黎硯聲洗完澡出來的時候,是十一點多,林疏棠已經接近熟睡的狀態。
迷糊間,感受到身邊凹陷一下,隨即,整個人便被圈進懷裏。
黎硯聲在她唇瓣上輕吻一下,伸手關了床頭的最後一盞燈。
“嗯,困。”被人打擾到,林疏棠嘟囔了一下,抬手想把黎硯聲的手挪開。
黎硯聲笑,手鬆開了些,與她的距離卻拉得更近:“明早不要做其它安排,帶你去老宅吃飯。”
林疏棠睡意濃重,但因為他剛才的動作,稍微有了幾分意識。被人擾了清夢,她甕聲甕氣的,有些不滿開口:“怎麽又要去?”
黎硯聲安撫的拍拍她,淺笑一下,在她耳邊回答,聲音低緩溫柔:“這次不一樣,有好事。”
林疏棠心裏好奇他說的好事是指什麽,但實在是困極了,終究是沒有再開口問,隻說:“好。”
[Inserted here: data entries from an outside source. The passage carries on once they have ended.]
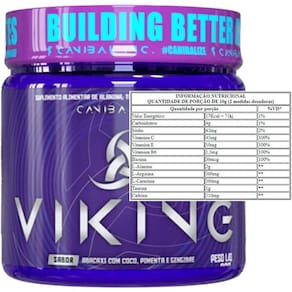 VIKING é o pré treino para aqueles que querem algo mais no seu treino. Para você guerreiro do dia-a-dia, que arruma um tempo livre para ir para academia como uma forma de terapia e cuidando da saúde, com o viking você irá dar o máximo de si, com sua fórmula única composta de: l-alanina, arginina, cafeína, taurina, l- carnitina, pimenta e gengibre.
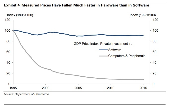 Exhibit 4 from Goldman’s research, showing how computer hardware has a price “deflator” since 1995 but software does not.
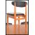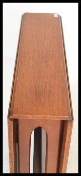 A retro 20th century teak wood drop leaf leg dining table together with a set of four matching dining chairs, the chairs with black vinyl seat pads and backrests raisedon teak frames. Measures 73cm high x 83cm wide x 24cm depth
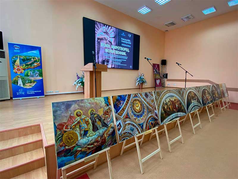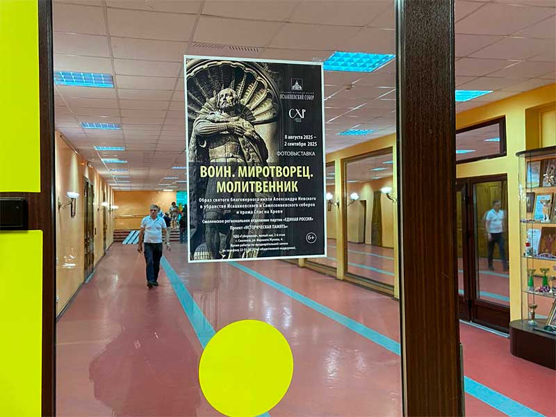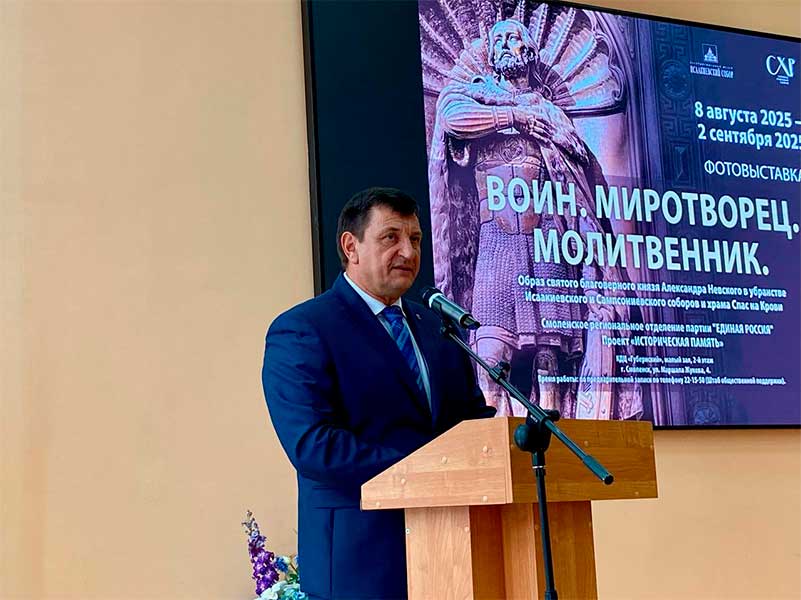 8 августа в Смоленске в культурно-досуговом центре «Губернский» в рамках проекта «Историческая память» партии «Единая Россия» состоялось торжественное открытие выставки «Воин. Миротворец. Молитвенник. Образ святого благоверного князя Александра Невского в убранстве Исаакиевского и Сампсониевского соборов и храма Спас на Крови». Организатором проекта выступил Государственный музей-памятник «Исаакиевский собор».
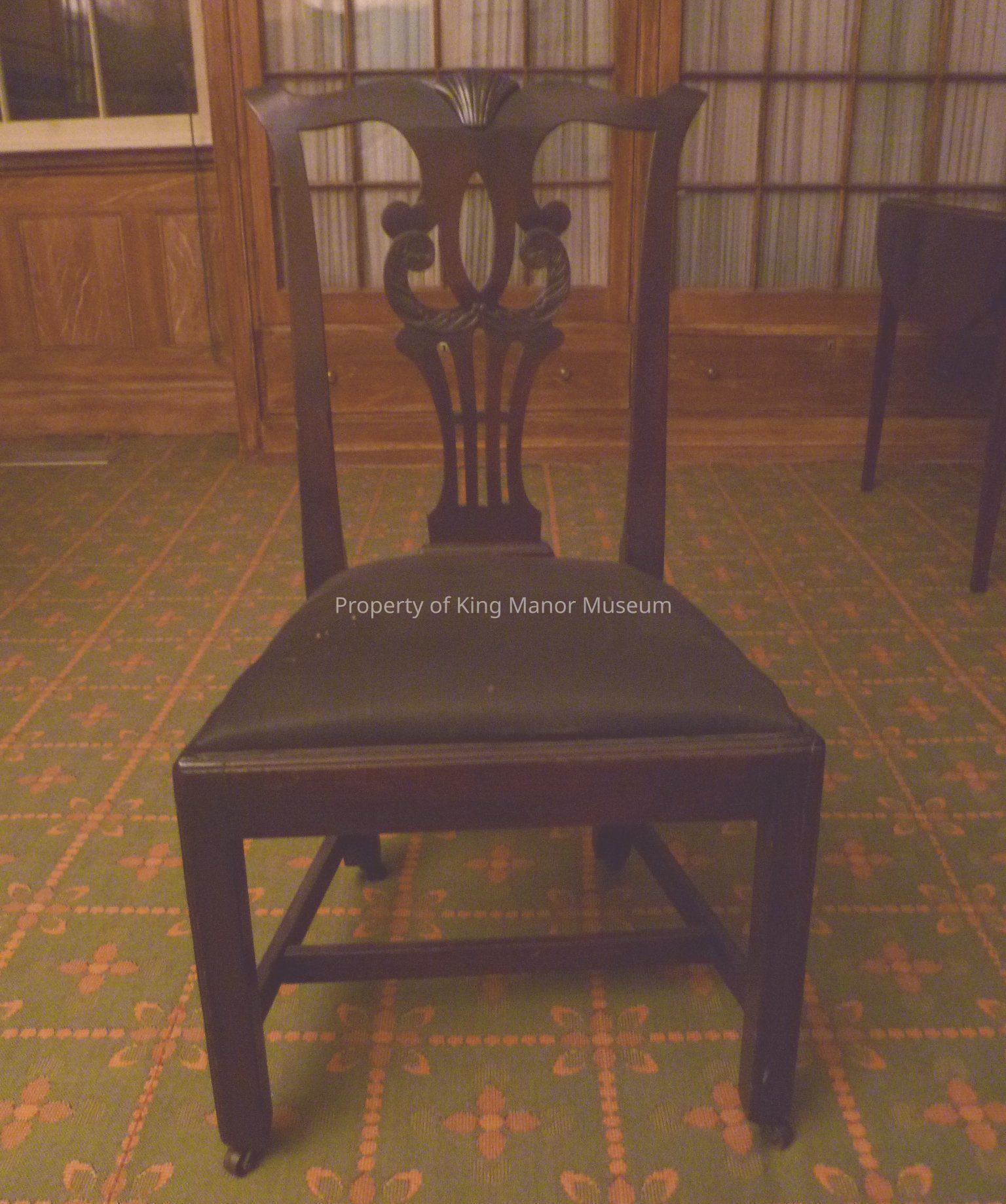 Desk chair with frame in the Chippendale style. A carved shell center is on the crest of the rail. Black, horsehair slip seat cover. Simple/undecorated legs and spindles with four small wheels.Collection

第二天一早,林疏棠醒的時候,是九點多,黎硯聲已經不在身邊。床頭櫃上放了一支玫瑰,下麵壓了一張紙條:世界係巨大嘅,抽象嘅,但我愛你係具體嘅,明確嘅。
鋼筆寫的,末尾打了個點。很多時候,林疏棠都覺得,他的字跟他本人一樣,對她有一種莫名的吸引力。就好像,那些話不是文字,而是他本人在她麵前說的一樣。這樣直接的情意表達,他或許不會說出口,又或許會,林疏棠不確定。但她想,她要求的話,他會。
一天裏,簡單的開始,卻也是一個驚喜的開始。林疏棠隻覺得胸口洋溢的那種情愫,說不清道不明。她沒有著急去洗漱,拉開窗簾後在桌前坐下。開始畫漫畫草圖,而那支玫瑰,就被她安置在桌子一角處,抬眼,就能看到。
紅色絲絨一樣的花瓣,比青提更清新的細口八楞玻璃,有光線透過,交錯的亮眼線條打在桌上,又是一朵惹眼的花。
林疏棠畫了半章漫畫草圖,才進的浴室。要下樓的時候,已經快十一點。
剛一打開房門,她就聞到了一股花香,很濃鬱的那種。不過,鮮花的味道,再濃烈,那也是清雅的,不會讓人覺得過。
她心裏隱隱有個猜測,稍微加快腳步下樓,然後,就在客廳裏,看到了不知道是幾束玫瑰,被人豎起來靠在一起放在地毯上。林疏棠甚至覺得,疊放在一起的話,數量可以用“堆”這個字來形容。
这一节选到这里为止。